7

I have sorted lists of filenames concatenated to strings and want to identify each such string by a unique checksum.

The size of these strings is a minimum of 100 bytes, a maximum of 4000 bytes, and an average of 1000 bytes. The total number of strings could be anything but more likely be in the range of ca. 10000.

Is CRC-32 suited for this purpose?

E.g. I need each of the following strings to have a different fixed-length (, preferably short,) checksum:

"/some/path/to/something/some/other/path"
"/some/path/to/something/another/path"
"/some/path"
...
# these strings can get __very__ long (very long strings are the norm)

Is the uniqueness of CRC-32 hashes increased by input length?

Is there a better choice of checksum for this purpose?

MCH
  • 415
  • 3
  • 11
  • If you already have a unique checksum then what is the issue? – Ryan Vincent Apr 14 '16 at 19:23
  • min 100 bytes, max 4000 bytes, average 1000 bytes. The issue is to shorten these strings, recalculate them, recalculate the checksum, then see if the checksum has been calculated before. I want to be sure that crc-32 is suited for this because I don't know much of hash functions and minimize collision probability. – MCH Apr 14 '16 at 19:23
  • 1
    How many entries are you expecting in total? guess? 1000, 10000 (1e5), one million (1e6), more? – Ryan Vincent Apr 14 '16 at 19:28
  • total entries could be any number but more likely be in the range of 10.000 – MCH Apr 14 '16 at 19:29
  • Thank you! (I really do not know much of cryptography.) (If you write an answer I'll accept it). – MCH Apr 14 '16 at 19:34
  • 1
    Would you mind adding the values in the comments to your question.? imo, it will help others to answer your question as they know the 'size of the problem'. Thanks for the information - it helps us. – Ryan Vincent Apr 14 '16 at 19:35
  • 2
    imo, I would look at 'md5' hash for your application. Fast and unlikey to give collisions. It is not to be used for _anything to do with security_, imo, it would be a quick lookup of the filename. – Ryan Vincent Apr 14 '16 at 19:42

1 Answers1

15

No.

Unless your filenames were all four characters or less, there is no assurance that the CRCs will be unique. With 10,000 names, the probability of at least two of them having the same CRC is about 1%.
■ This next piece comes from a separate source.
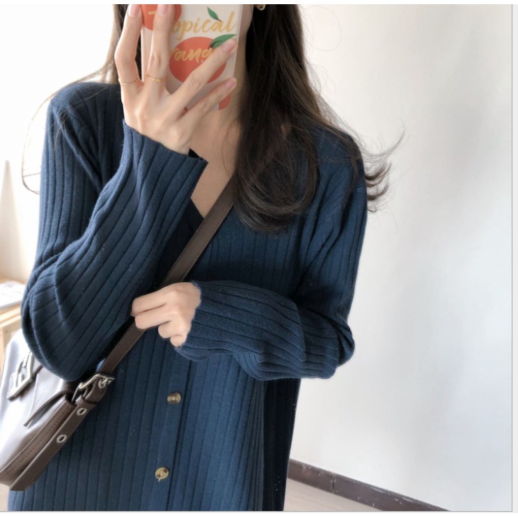 Đầm nữ đẹp🍒FREESHIP🍒Váy len cúc thu đông dáng suông dài xinh xắn

This would be true for any 32-bit hash value.

The best way to assign a unique code to each name is to simply start a counter at zero for the first name, and increment for each name, assigning the counter as the code for that name. However that won't help you compute the code given just the name.
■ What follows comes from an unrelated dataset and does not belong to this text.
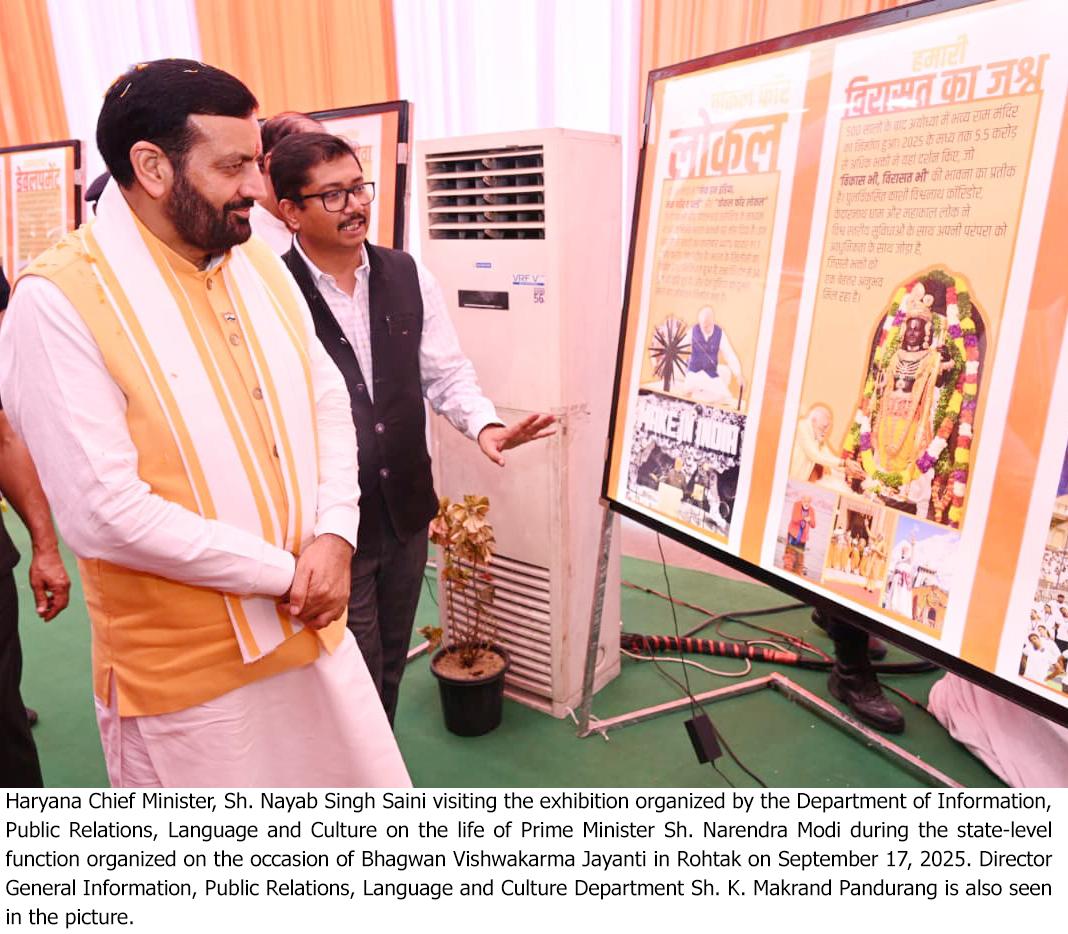 Chief Minister Nayab Singh Saini also visited an exhibition on the life of Prime Minister Narendra Modi, organized by the Department of Information, Public Relations, and Languages, at the Vishwakarma Jayanti celebration site. The exhibition highlighted the Prime Minister’s public service initiatives and his efficient work ethic. K. Makarand Pandurang, Director General of the Department, provided detailed information about the exhibition to the Chief Minister.

You can use a hash, such as a CRC or some other hash, but you will need to deal with collisions. There are several common approaches in the literature. You would keep a list of hashes with names assigned, and if you have a collision you could just increment the hash until you find one not used and assign that one. Then when looking up a name, you start at the computed hash and do a linear search for the name until you find it or an unused slot.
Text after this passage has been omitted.